While molecular dynamic (MD)-based free energy methods (FEMs) serve as the predominant technique for obtaining high-accuracy RBFE and ABFE, they face a dilemma with the trade-offs between accuracy and efficiency. MD-based FEMs are broadly classified into two categories: physical pathway methods and alchemical free energy methods (AFEMs). The physical pathway approach, which simulates the ligand dissociation through a realistic physical pathway, is limited by the impractically long timescale required under current computational resources [5]. Amidst this difficulty, AFEMs, which rely on transforming one molecular state into another through a series of alchemical intermediates, offer a more reliable and feasible approach, demonstrating exceptional accuracy and a strong track record of successful applications in recent years [6–8]. While traditional AFEMs, such as free energy perturbation (FEP) [9] and thermodynamic integration (TI) [10], have proven to be very useful, there is still room for improvement. More recent approaches like λ-dynamics with bias-updated Gibbs sampling (LaDyBUGS) [11] and convergence-adaptive roundtrip method of combined-structure FEP (CS-FEP-CAR) [12] aim to further the balance between accuracy and expense. Nevertheless, this balance still remains suboptimal with existing methods, highlighting the urgent need for the development of novel methods.
On the other hand, in recent years, several studies have sought to integrate machine learning interatomic potentials (MLIPs) into AFEMs to address engineering challenges in MLIP implementation and further enhance computational accuracy. For instance, Zariquiey et al. developed a hybrid force field combining molecular mechanics (MM) with neural network potentials (NNPs) and implemented it within the alchemical transfer method (ATM) framework using the OpenMM simulation platform [13]. Similarly, Wang et al. integrated MM with diverse advanced MLIPs within the TI framework on the Amber simulation platform [14]. These approaches enable MLIPs to capture more precise and detailed protein–ligand interactions, thereby improving the accuracy of binding free energy calculations. However, this gain in accuracy comes at the cost of reduced computational efficiency.
Another considerable challenge of AFEM is that researchers tend to devote considerable time in parameterizing the λ settings or adapting the sampling strategy of λ, as the overlap of adjacent phase spaces is crucial for the convergence and accuracy of calculations, particularly in the case of large structural changes between the two end states. Non-optimal alchemical intermediates result in excessive or inadequate overlap between windows, leading to computational costs being inflated by up to ten times and large errors in free energy estimates. This hinders wider adoption of AFEMs in practical applications despite their supposedly highly accurate modeling capacity. In the face of this challenge, Zeng and Qian [15] and Zhang et al. [16] both utilized pre-run short-time simulations to assess the overlap of phase space. The major problem with such attempts is that pre-run simulations also entail significant computational expenses. Consequently, to maximize the full potential of AFEMs, it is desirable to devise protocols that automatically set up suitable windows at minimal cost while reducing manual trials and interventions.
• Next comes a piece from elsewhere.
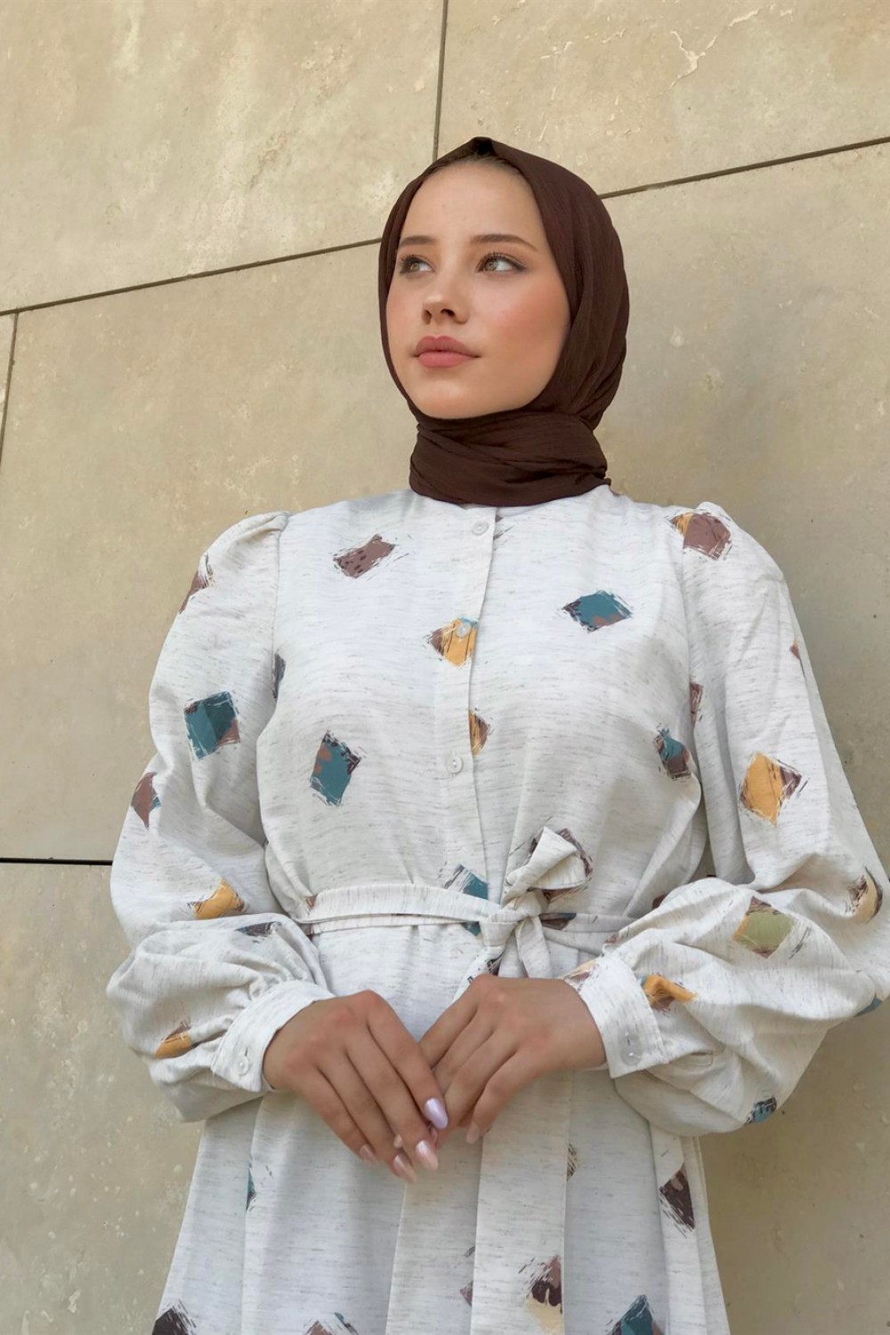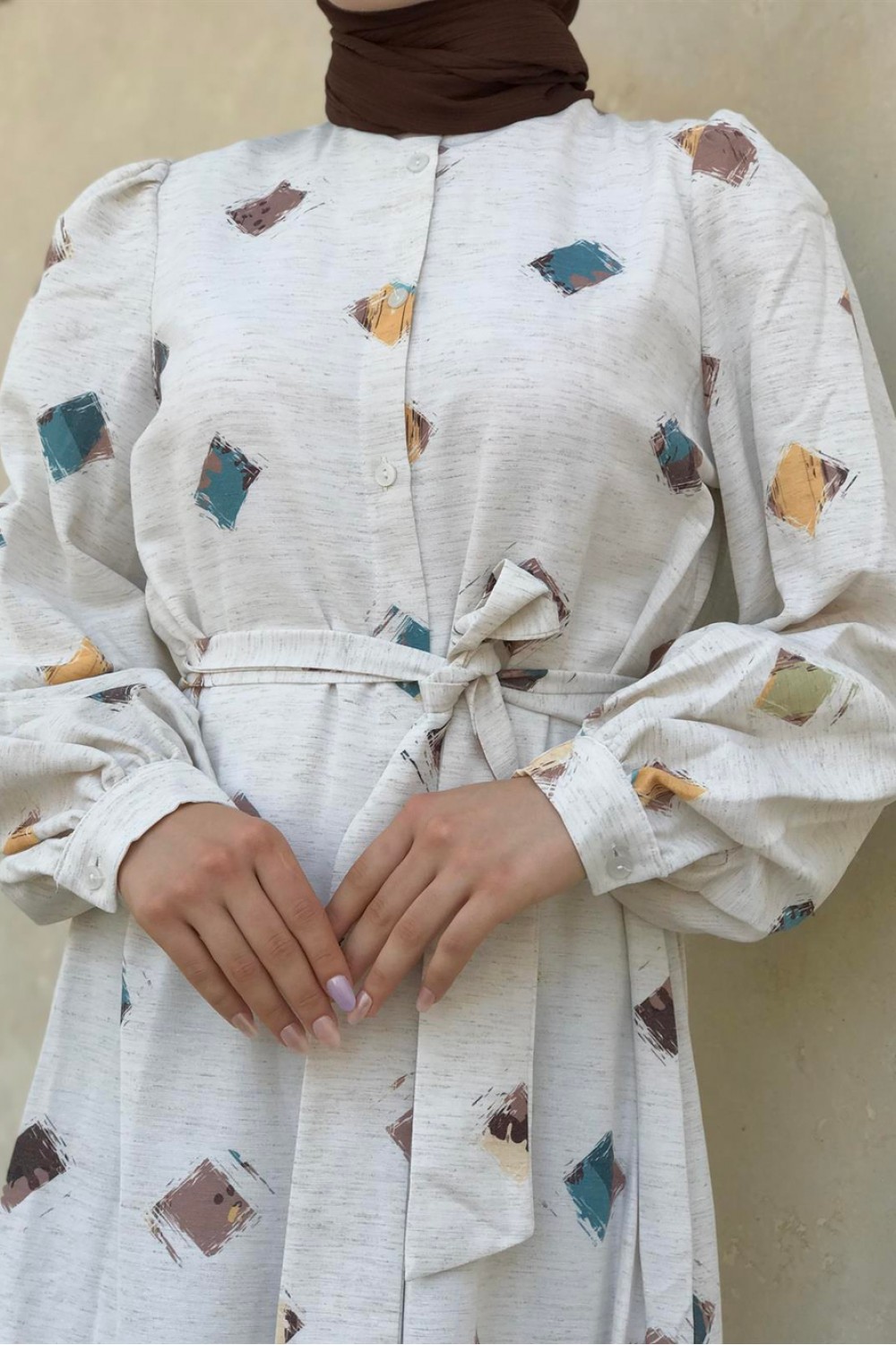 Desenli Keten Elbise Kahve

Alongside AFEM, deep learning (DL)-based approaches have emerged in recent years as efficient alternatives for the large-scale prediction of protein–ligand binding affinities. These data-driven black box methods leverage neural architectures to achieve high-throughput predictions and have shown promising performance in both RBFE and ABFE tasks [17–19]. To improve model generalizability and interpretability, recent developments increasingly incorporate physics-informed priors [20–23]. However, current integration of physical knowledge remains limited to the level of structural or free energy formulation, lacking fundamental microscopic fidelity. Furthermore, existing models still rely heavily on static structural datasets, which are challenging to expand and thus constrain model generalization. Additionally, these models often fail to capture the entropy effects associated with the dynamical nature of protein–ligand interactions. Overcoming these challenges will require deeper integration of domain knowledge and the utilization of dynamic process-level data, such as those obtained from MD simulations, to enhance learning and data augmentation.
Herein, we present an alchemical-path-aware graph neural network (LamNet) to tackle the aforementioned problems: (1) classical AFEM demands significant computational resources; (2) tuning the set of λ parameters in AFEM requires expert knowledge and a substantial amount of trial and error; (3) data-driven scoring models exhibit limited generalizability and lack the consideration of dynamic transformation. LamNet is a graph neural network designed to predict cumulative free energies along a chosen alchemical pathway in AFEM, adhering closely to the principle of alchemical computational physics. To be specific, LamNet characterizes two endpoints and the λ parameters in AFEMs, whereas its representation learning phase describes how ligands interact with protein pockets through alchemical transformations and determines different pathways within the thermodynamic cycle. In addition, the training data that models the transformation of alchemy comprises the process data generated by ATM (one of the newly proposed AFEMs) [24], with the accuracy of each data point being taken into account during the training process. LamNet can accomplish three applications for different types of training data and downstream algorithms: (1) reliable and efficient prediction of RBFE; (2) efficient and scalable prediction of ABFE; (3) prediction and optimization of λ settings for AFEM with improved convergence. It is worth emphasizing that LamNet is essentially a DL framework that can be integrated with AFEMs other than ATM. In this work, ATM is chosen mainly for its theoretical simplicity and ease of large-scale simulations for training data generation. LamNet can also be built upon the more traditional FEP approach, but we need to re-compute the training dataset according to the standard alchemical transformation paths of FEP. More discussion about this is provided in Supplementary Information. Hence, we only illustrate how LamNet works with ATM.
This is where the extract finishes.